Real-time edge-cloud data warehouse for industrial IoT
Real-time “Edge-Cloud” data warehouse for Industrial IoT
Senseforce.io was founded in 2016 to provide industrial machinery manufacturers with a predictive maintenance platform for the connected machines they produce.
The real-time insights generated by Senseforce help the machinery manufacturers provide preventative maintenance to customers, identify upsell opportunities and improve product planning.
The founding team of developers and data scientists had prior experience developing solutions like Senseforce on a bespoke basis. The challenges they faced developing Senseforce included:
- Flexibility to handle any kind of machinery data, without requiring custom development
- Scalability to handle data from thousands of connected machines
"CrateDB was the only database that met our performance and scaling needs."
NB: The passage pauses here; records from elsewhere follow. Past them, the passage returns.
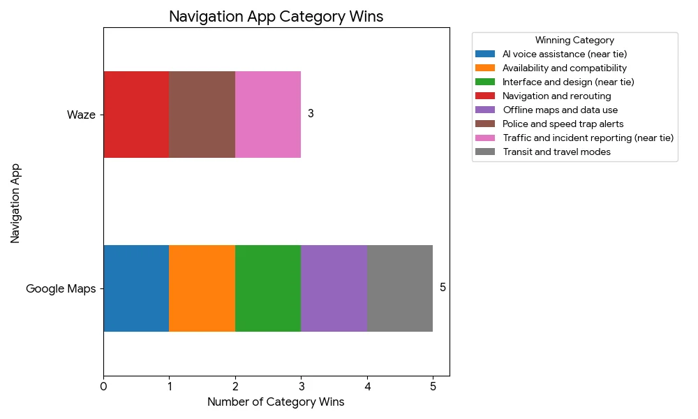 So all in all, it was Google Maps that came out on top with 5 wins compared to 3 for Waze.
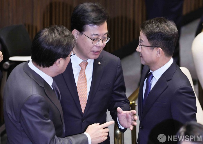 [서울=뉴스핌] 윤창빈 기자 = 한병도 더불어민주당 원내대표, 송언석 국민의힘 원내대표가 3일 서울 여의도 국회에서 열린 본회의에서 대화를 나누고 있다. 2026.02.03 pangbin@newspim.com
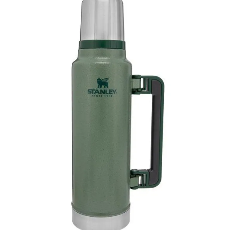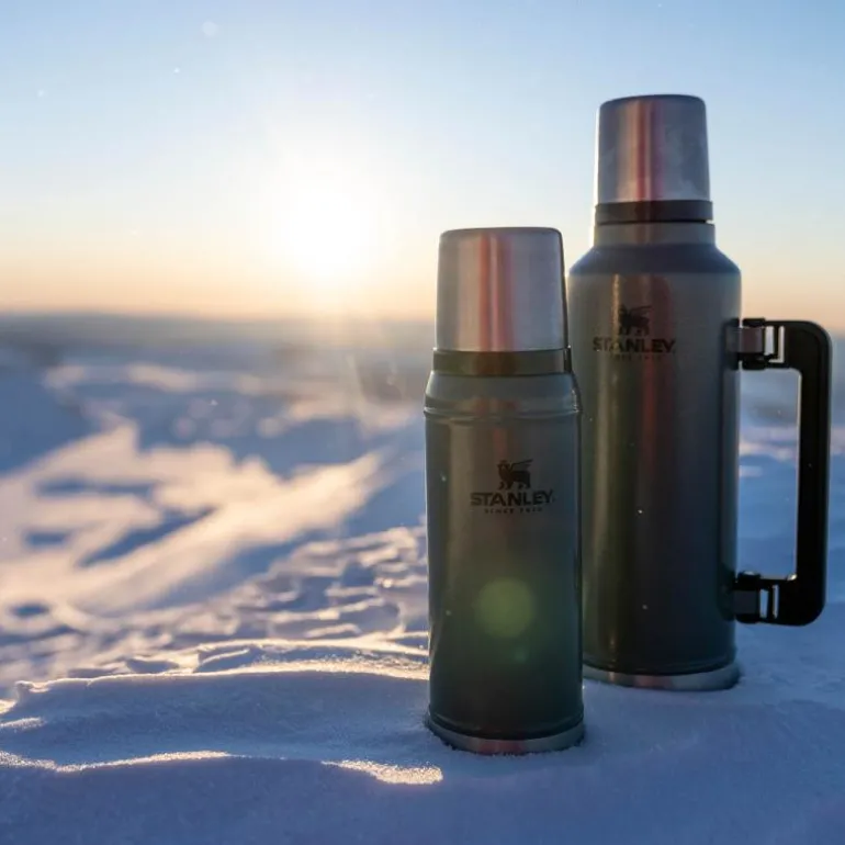 Dette er en solid, klassisk termos med praktisk skrukork fra Stanley. Termosen rommer 1 liter, og passer fint både på tur, skole og arbeid. Korken er lett å skru på, og er garantert lekkasjefri slik at du trygt kan ha den i sekken. Den medfølgende koppen er dobbeltisolert. Termosen holder innholdet varmt eller kaldt i 24 timer. Den kommer med et hendig håndtak, og den er lett å helle fra. Termosen er laget i kraftig rustfritt stål, og er naturlig BPA- fri.

They developed the Senseforce industrial edge cloud platform working closely with a range of pilot customers, including Künz (industrial cranes) and IMA Schelling (industrial saws), which gave them exposure to different machine data sets and analytic requirements. The Senseforce platform includes the following components:
- Senseforce Luna – runs on device at customer sites to collect data from sensors, PLCs and other edge systems. It standardizes, compresses, and encrypts the data before sending it via MQTT (HiveMQ) to a central, cloud-based repository
- Senseforce Galaxy – built on CrateDB, Galaxy is a distributed data warehouse capable of scaling elastically, running 24×7, and supporting a wide variety of analytics, including time series, predictive, and ad-hoc. Galaxy includes a range of pre-defined analyses based on the Senseforce team’s many years of experience working with machine-generated data.
- Senseforce Rocket – the data visualization component. Customizable dashboards allow different stakeholders at the machine manufacturers to create their own specific view on the company’s data universe.
Senseforce is developed in C# on Windows using the .Net framework. Predictive models are written in R. It is deployed to bare-metal Linux CentOS systems because bare metal gives them 2x better performance than running on virtual machines. Docker Swarm is used to operate and scale the system and automatically load balances connections.
“CrateDB, the best fit” for Senseforce
Senseforce chose CrateDB because it was the best fit for their real time requirements.
Senseforce required a database capable of processing a wide variety and large volume of machine data structures. A single saw generates 50,000 messages per day (1.2GB/day), which customers can choose to retain for as long as they’d like (usually many months’ worth).
Queries needed to perform fast groupings and aggregations on the fly, as data is ingested. Scaling horizontally on Docker was also important to Senseforce in order to react quickly to data spikes and provide high availability.
We did some database evaluations before we started the project. Apache Cassandra struggled to support datasets with a large number of columns. And RavenDB, MongoDB, and InfluxDB ran into scaling issues as well due to the large cardinalities within our data. CrateDB was the only database that met our performance and scaling needs.
Handling Reference Data
One challenge Senseforce faced was reference data. In a data warehouse, transaction data (sensor readings) is analyzed in the context of reference data such as customer, factory location, machine type, operator name, etc. Reference data is often managed via multiple tables which are joined to transactions via a star or snowflake schema. The downside of this, is SQL joins, which slow down query performance.
Senseforce solved this problem by maintaining changes to reference data in a separate SQL Server database. Changes in SQL Server trigger a process in Senseforce, which exports the reference data changes to CrateDB. In the process, the data is transformed and stored into a single, flattened reference data table that is inner joined to the raw machine readings (transactions).
The first version of Senseforce runs on a 5-node CrateDB cluster and was developed and rolled out in less than 12 months. The system is extremely flexible and customer friendly:
Any user can browse the data without having DBMS or SQL expertise
Aggregations, groupings, and sorting all happen quickly in
An easy drag-drop UI allows them to form new reports and dashboards by selecting event types, and attributes such as time ranges and KPIs
Enabled in part by the speed, scalability and adaptability of CrateDB, Senseforce is growing fast. Their pilot customers were based in Europe and they are already starting to expand into North America.
We’re solving a hard problem for machine manufacturers. The bigger their customer bases grow, the more important–and more difficult–it becomes to connect with and support them. Senseforce eliminates that burden so they can gain clearer insight into product usage and identify new service and upsell opportunities.